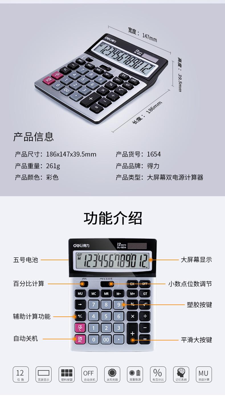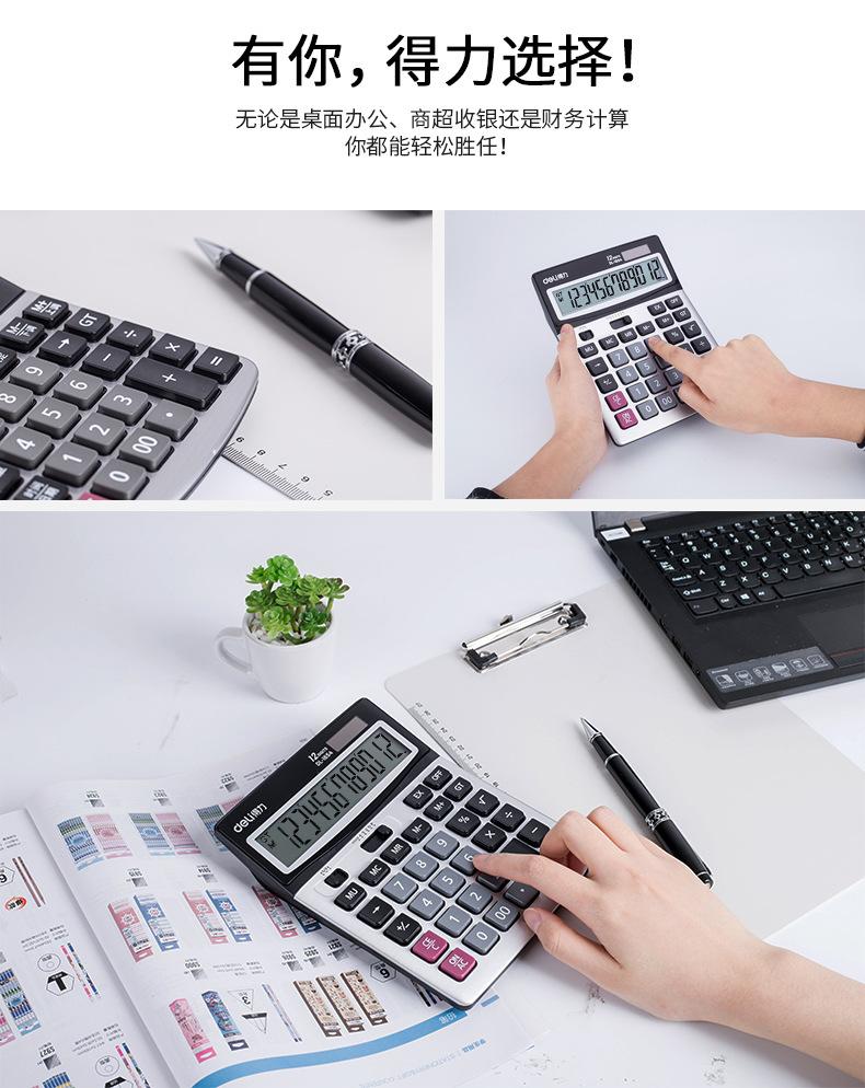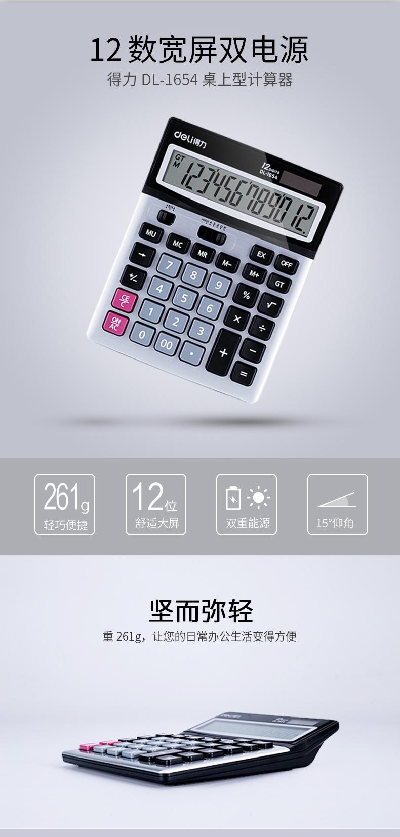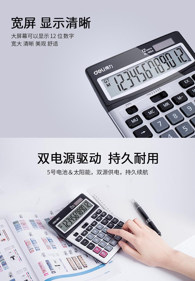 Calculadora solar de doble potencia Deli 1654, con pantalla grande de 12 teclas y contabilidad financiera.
##############################
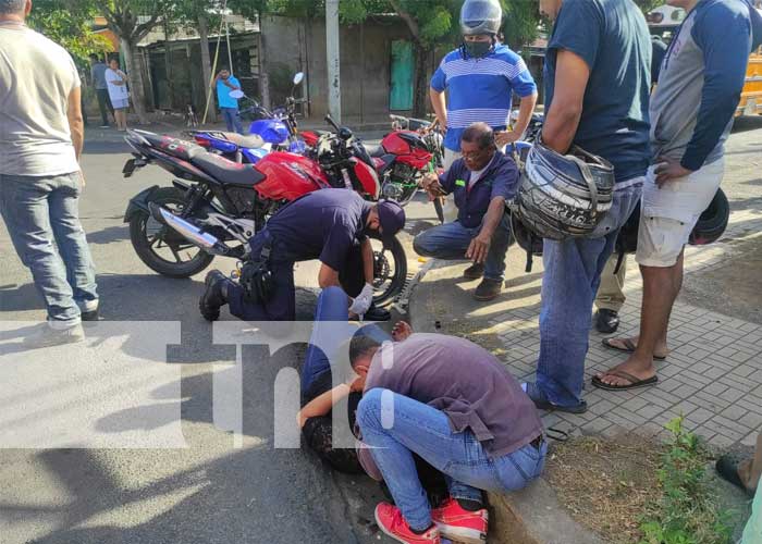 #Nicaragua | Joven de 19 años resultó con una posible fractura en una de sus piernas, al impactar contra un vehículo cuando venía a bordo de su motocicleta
##############################
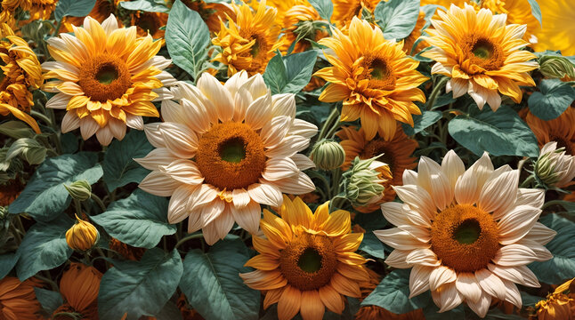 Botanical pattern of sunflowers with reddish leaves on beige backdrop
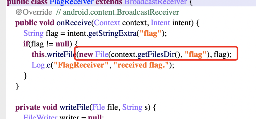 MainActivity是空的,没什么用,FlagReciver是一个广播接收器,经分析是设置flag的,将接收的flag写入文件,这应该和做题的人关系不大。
##############################
Task instructions:
Please return the material above only from the line that holds "Botanical pattern of" through the line that holds "MainActivity是空", exactly as it stands, ends included and pictures omitted.

Expected answer:
 Botanical pattern of sunflowers with reddish leaves on beige backdrop
 MainActivity是空的,没什么用,FlagReciver是一个广播接收器,经分析是设置flag的,将接收的flag写入文件,这应该和做题的人关系不大。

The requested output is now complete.